| Try it |
Exercise in exact copying: restate word for word only the lines below from the one containing "4、六大重装地图、圣域、蜡烛" through the one containing "A sleek, minimal", omitting any pictures.

Collected data:
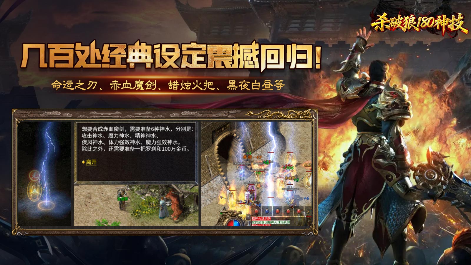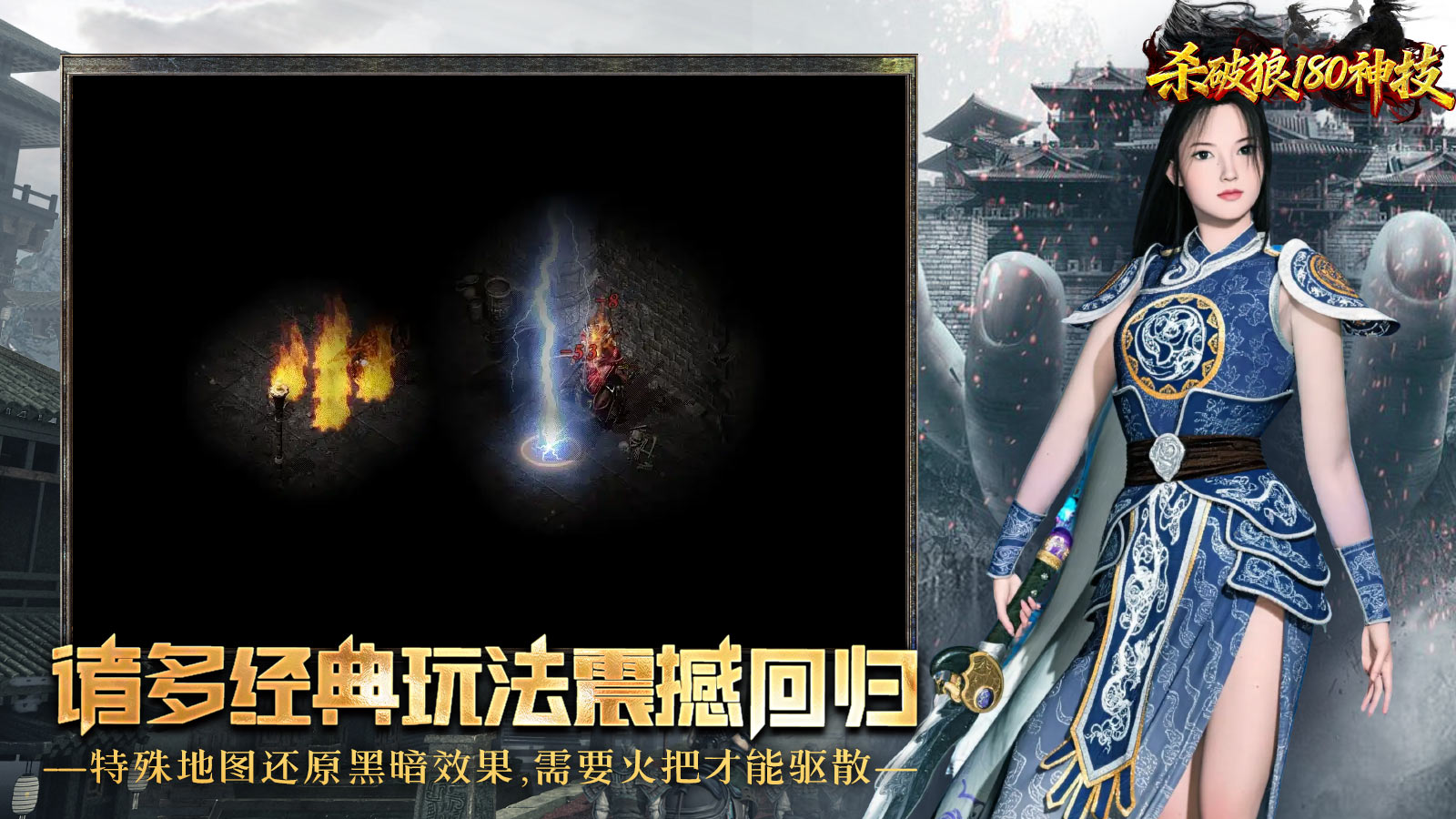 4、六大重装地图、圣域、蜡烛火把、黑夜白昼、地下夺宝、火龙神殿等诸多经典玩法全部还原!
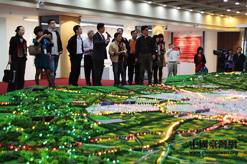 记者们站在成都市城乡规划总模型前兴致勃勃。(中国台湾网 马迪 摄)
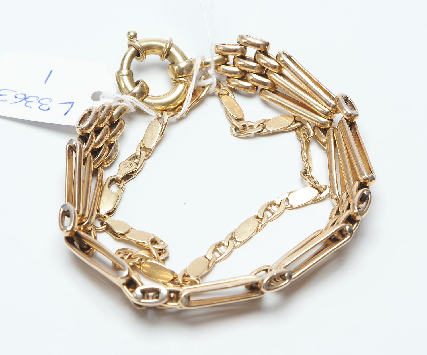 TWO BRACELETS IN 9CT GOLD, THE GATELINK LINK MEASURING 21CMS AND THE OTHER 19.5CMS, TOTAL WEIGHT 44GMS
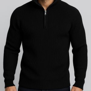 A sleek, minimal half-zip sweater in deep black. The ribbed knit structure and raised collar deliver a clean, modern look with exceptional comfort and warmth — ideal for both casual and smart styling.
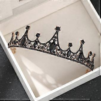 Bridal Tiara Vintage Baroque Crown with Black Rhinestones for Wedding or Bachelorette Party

==

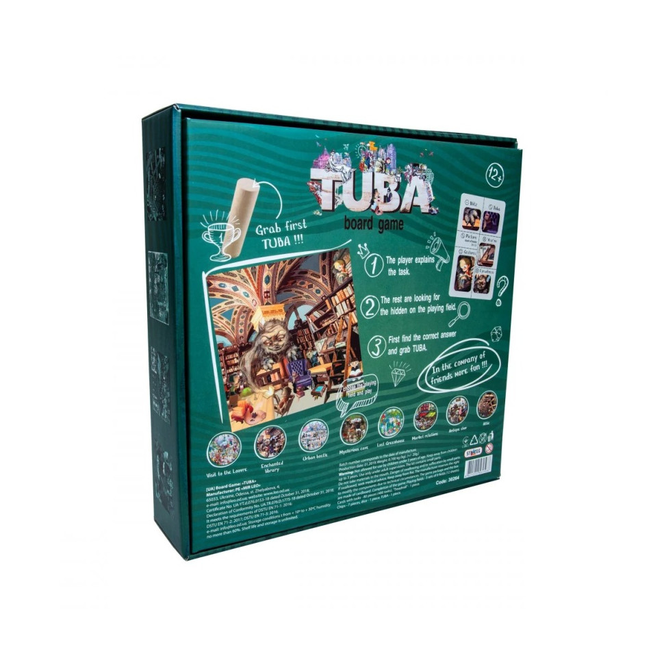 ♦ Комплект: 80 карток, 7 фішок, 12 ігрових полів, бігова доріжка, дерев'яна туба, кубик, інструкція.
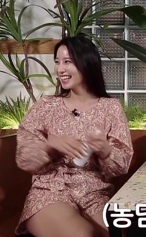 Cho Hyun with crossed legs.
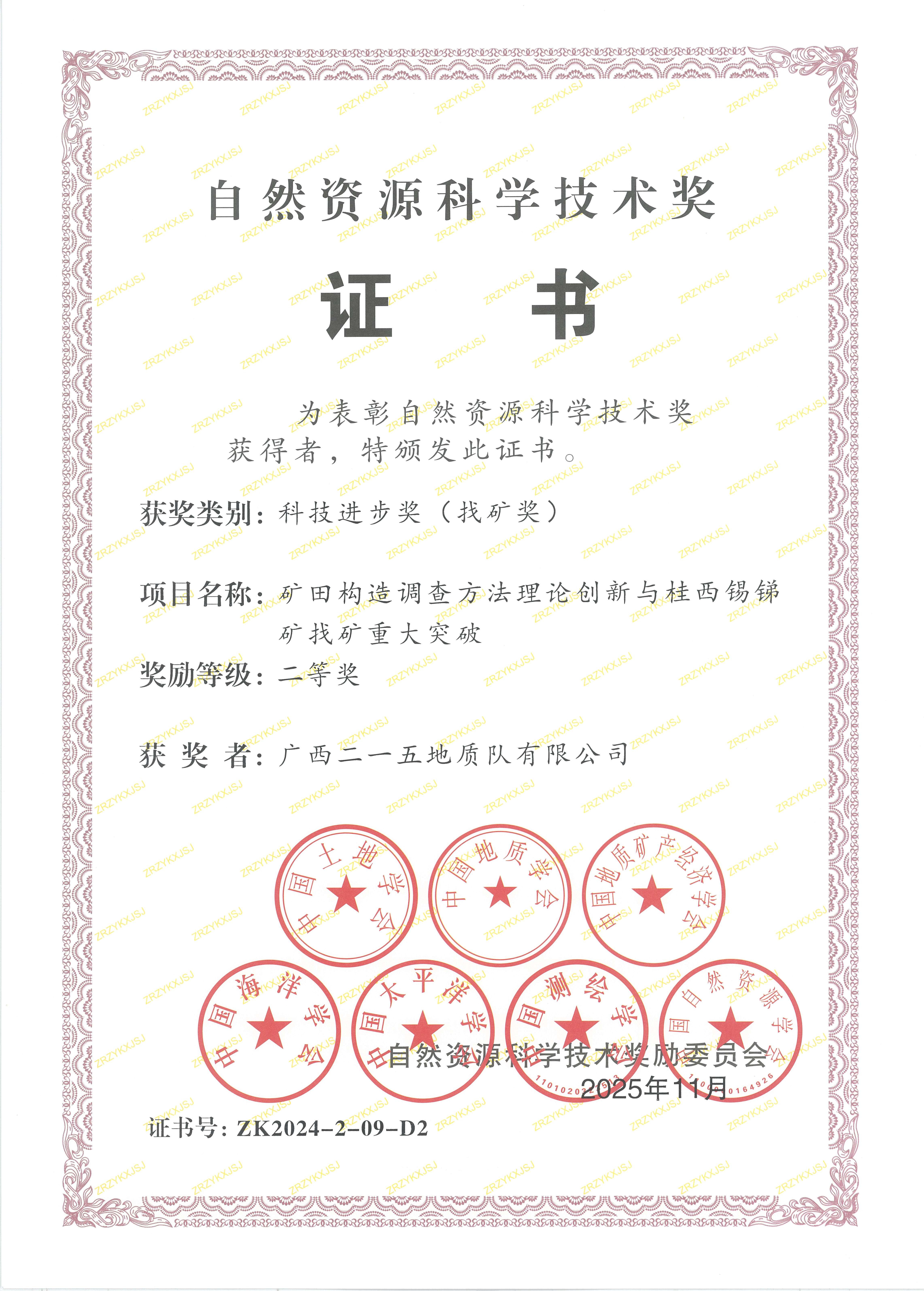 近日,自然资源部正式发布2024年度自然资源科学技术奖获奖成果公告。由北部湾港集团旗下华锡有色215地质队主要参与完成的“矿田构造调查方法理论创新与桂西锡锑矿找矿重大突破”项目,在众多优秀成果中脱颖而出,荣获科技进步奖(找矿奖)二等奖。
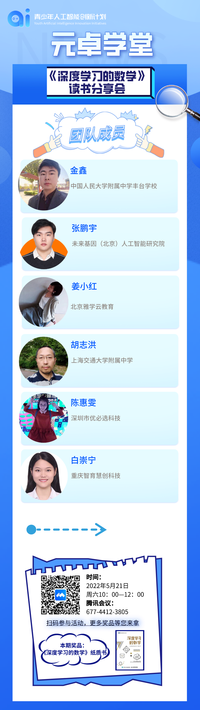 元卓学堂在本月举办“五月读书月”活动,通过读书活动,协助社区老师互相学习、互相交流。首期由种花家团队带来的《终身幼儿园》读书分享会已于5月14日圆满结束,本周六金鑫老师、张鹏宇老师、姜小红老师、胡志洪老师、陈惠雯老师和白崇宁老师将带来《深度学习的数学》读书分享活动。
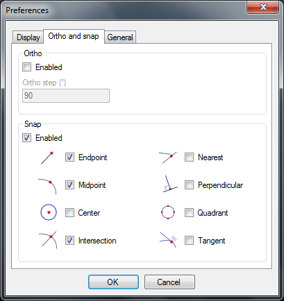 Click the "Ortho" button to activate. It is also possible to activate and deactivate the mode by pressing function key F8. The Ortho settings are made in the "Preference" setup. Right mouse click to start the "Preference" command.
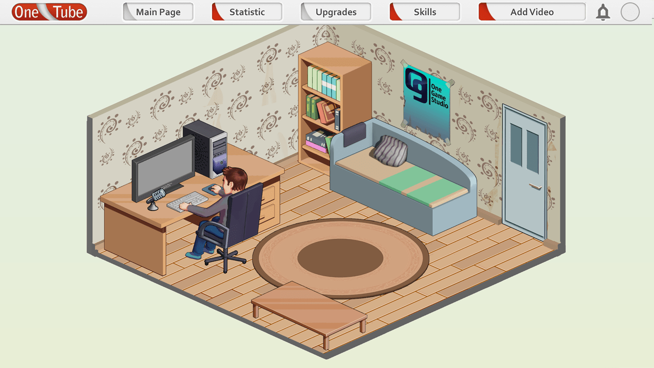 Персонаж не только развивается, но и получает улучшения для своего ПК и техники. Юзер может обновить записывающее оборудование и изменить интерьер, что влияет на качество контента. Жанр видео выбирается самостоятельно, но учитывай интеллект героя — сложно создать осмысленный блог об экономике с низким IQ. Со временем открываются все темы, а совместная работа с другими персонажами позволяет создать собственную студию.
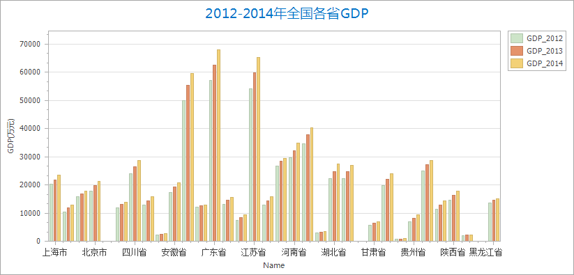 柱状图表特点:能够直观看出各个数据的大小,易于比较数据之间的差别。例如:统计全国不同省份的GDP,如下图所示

| Task result |
 4、六大重装地图、圣域、蜡烛火把、黑夜白昼、地下夺宝、火龙神殿等诸多经典玩法全部还原!
 记者们站在成都市城乡规划总模型前兴致勃勃。(中国台湾网 马迪 摄)
 TWO BRACELETS IN 9CT GOLD, THE GATELINK LINK MEASURING 21CMS AND THE OTHER 19.5CMS, TOTAL WEIGHT 44GMS
 A sleek, minimal half-zip sweater in deep black. The ribbed knit structure and raised collar deliver a clean, modern look with exceptional comfort and warmth — ideal for both casual and smart styling.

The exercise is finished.